Herkes arabadan inince evi incelemeye başladım. Villa tipi bir yerdi. Türkiye'de yaşadığımızdan daha küçük duruyordu ama kesinlikle daha moderndi. Beyaz rengine boyanmıştı.obez olduğu için yaşını tam olarak tahmin edemediğim bir adam kapının önünde bekliyordu. Attila abim adamdan evin anahtarını teslim aldı. İçeri girdiğimizde bizi bir vestiyer ve tam karşımızda merdivenler karşılıyordu. İki katlı bir evdi. Sol tarafa gidince büyük bir salon vs salonla Birleşik amerikan mutfak vardı. Birde arka bahçeye açılan cam kapı. Sağ tarafta ise kocaman bir oyun odası vardı. Bilardo, langırt, oyun konsolu ve kutu oyunları vardı. Odada bulunan koltuk öyle rahat duruyordu ki bu gece burada uyuyasım geldi.

Üst kata çıkıp kimin hangi odada kalacağımı ayarlamaya başladık. İlk oda evin ön tarafına bakıyordu.

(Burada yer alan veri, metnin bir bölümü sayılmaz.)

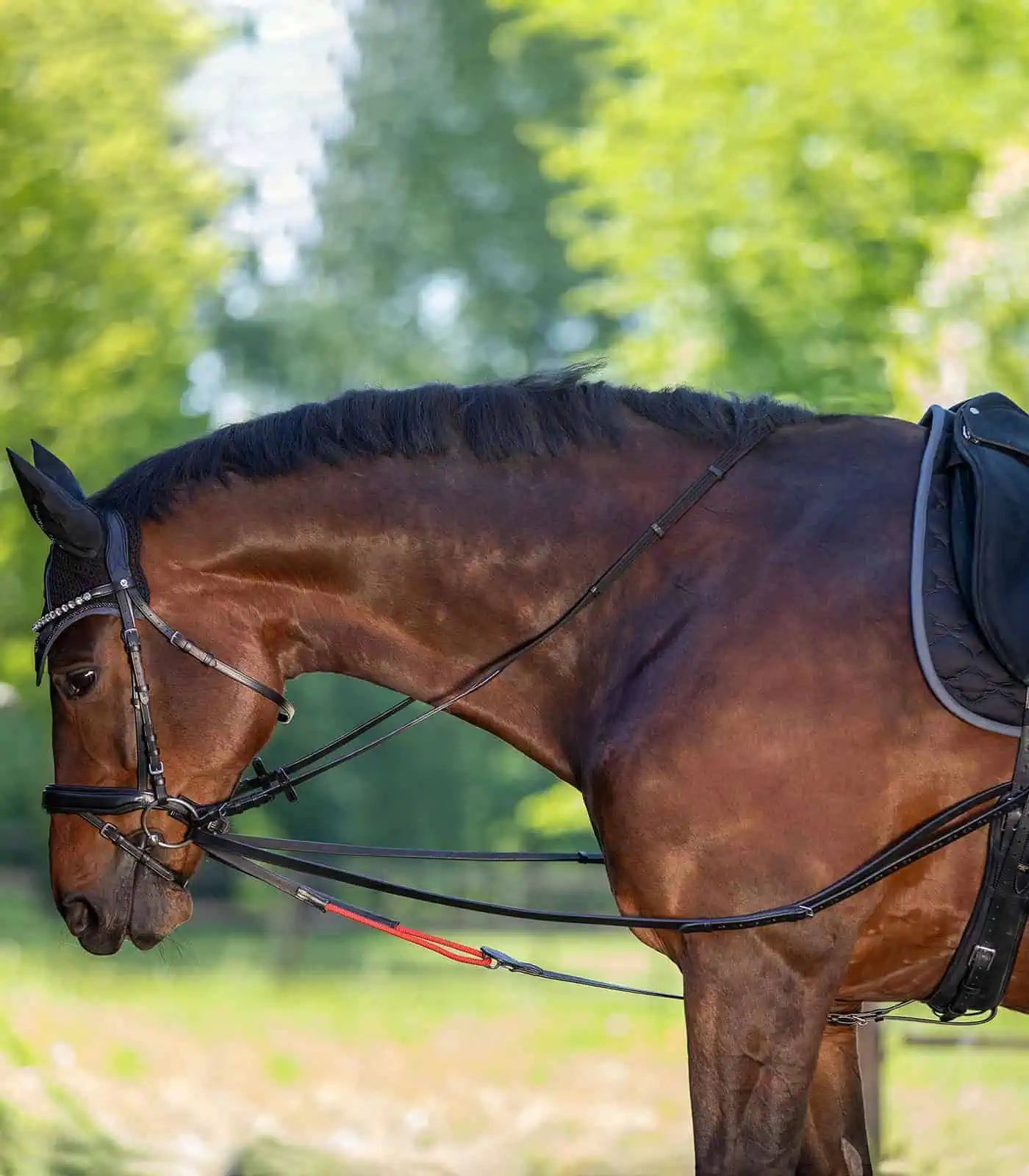 Rênes viennoises en cuir, flexibles et innovantes, longueur réglable, pour la monte et la longe. La rêne viennoise W-trainRein se fixe sur la sangle de selle ou le surfaix entre les pattes avant de l’animal. Une rêne spéciale passe par une poulie d’où elle retourne à la sangle de selle ou au surfaix en passant dans les deux cas par les anneaux du mors (de l’intérieur vers l’extérieur). La poulie permet de baisser la rêne, facilitant ainsi l’exercice musculaire et attribuant une courbure douce sans tirer sur la bouche lors d’une promenade ou du travail à la longe.

Bu odayı el birliğiyle Alparslan abime kitledik. İkinci oda çok kötü renklerle döşenmiş kasvetli bir odaydı. Kesinlikle burada kalmak istemiyordum. Mete abim bunu fark etmişti ve bu odada kalmak için gönüllü oldu.

Küçük psikoloğum benim.

Bir sonraki oda diğerlerinden daha büyüktü. Asya'ya birlikte kalacağı için bu odayı Orhan abime verdik. Bu oda büyük ihtimalle yatak odası olarak tasarlanmıştı. Diğerleri ise misafir odası veya çocuk odası. Kalan son iki odadan ön tarafa bakana ben geçmek istemediğim için Attila abim geçti. Bu tatilin ceremesini o çekiyordu.

Üzümlü kekim.

Odama girdim ve incelemeye başladım. Küçğk ama tatlı ve ferah dekore edilmiş bir odaydı. En iyi özelliği ise büyük pencereleri nin olmasıydı. Pencereden baktığımda arka bahçeyi görüyordum. Bahçede büyük bir havuz vardı ve gövdelerinin kalınlığından boylarının uzunluğundan uzun süredir burada olduğu anlaşılan iki büyük ağaç. Bahçe'nin gerisinde ev ya da yol yoktu. Ağaçlık alandı.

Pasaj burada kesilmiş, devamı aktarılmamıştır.